■ DATA SEGMENT
|---|
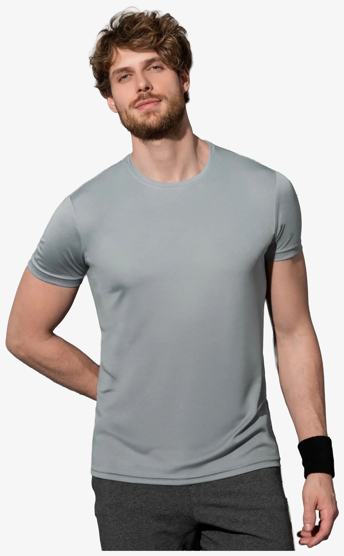 O tee-shirt desportivo masculino Sports-T com corte justo ao corpo, em malha interlock respirável e de secagem rápida. Costuras dos ombros flatlock decorativas, gola fina a condizer, fita de reforço, costuras laterais.\
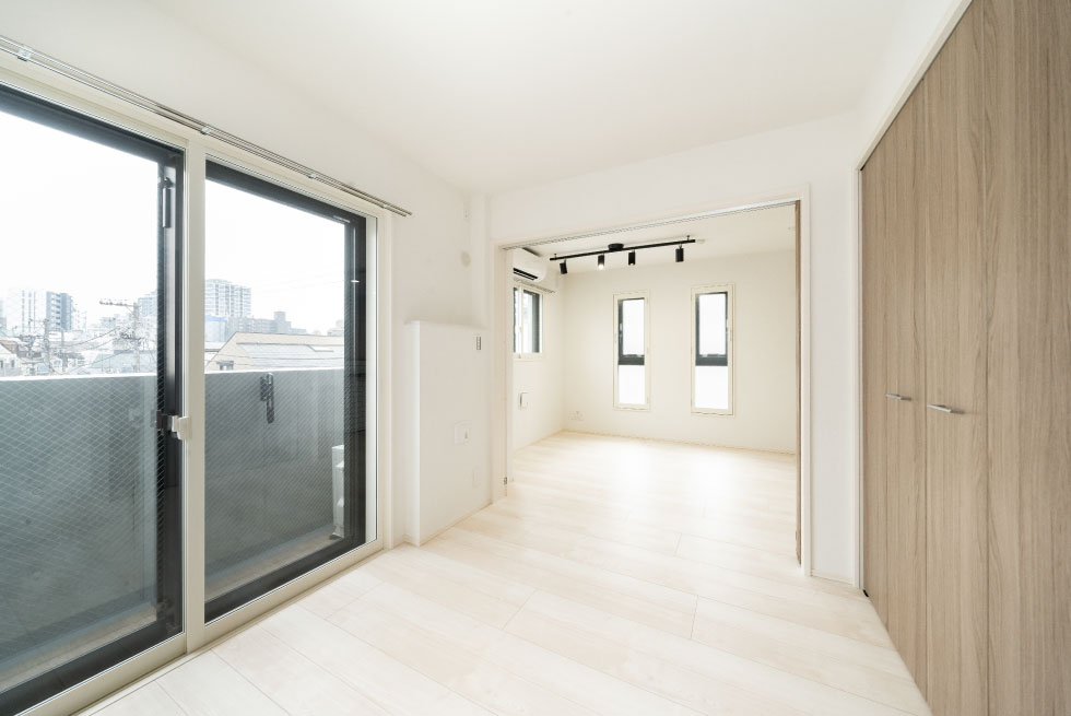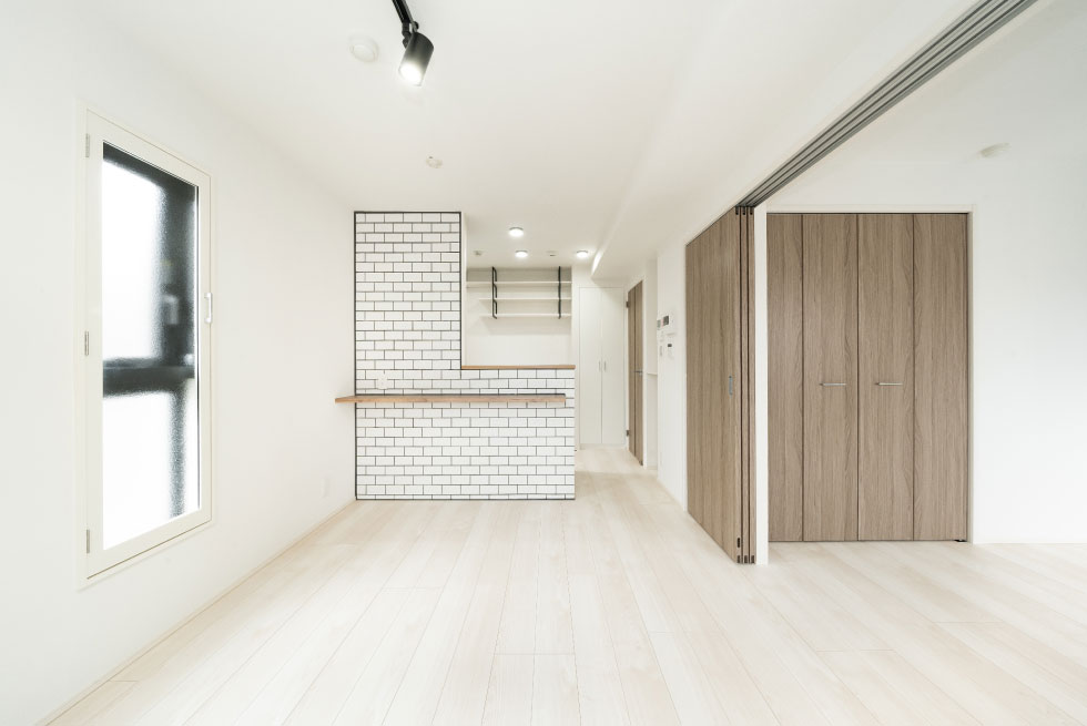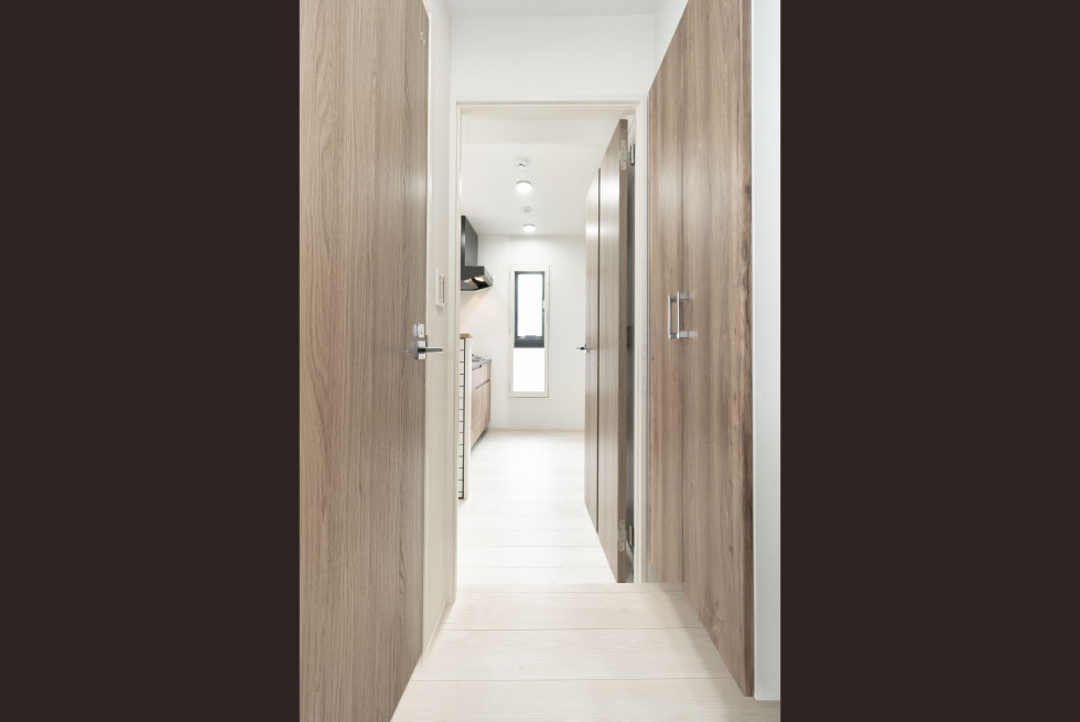 内装では、入居者様のお好きなインテリアテイストに染めていただくため、白を基調とし、かつ単調にならない内装計画としています。
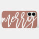 Moderno guión alegre neutro rosa y Navidades blancos caso de teléfono de vacaciones.
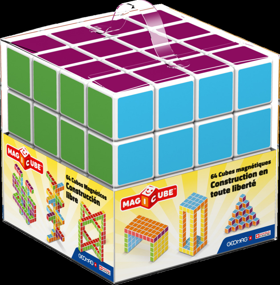 Geomag - MAGICUBE 64 Pièces - Blocs de Construction Magnétiques Multicolores à Assembler - pour Enfants dès 1 an - 6 Couleurs - Fabriqué en Suisse -Jouet Educatif - Jeux Construction Magnétiques
|---|
Give again, exactly, each line from the one that contains "内装では、入居者様のお好きな" through the last line of the material above. Pictures do not belong in the copy.

■ REPLY
 内装では、入居者様のお好きなインテリアテイストに染めていただくため、白を基調とし、かつ単調にならない内装計画としています。
 Moderno guión alegre neutro rosa y Navidades blancos caso de teléfono de vacaciones.
 Geomag - MAGICUBE 64 Pièces - Blocs de Construction Magnétiques Multicolores à Assembler - pour Enfants dès 1 an - 6 Couleurs - Fabriqué en Suisse -Jouet Educatif - Jeux Construction Magnétiques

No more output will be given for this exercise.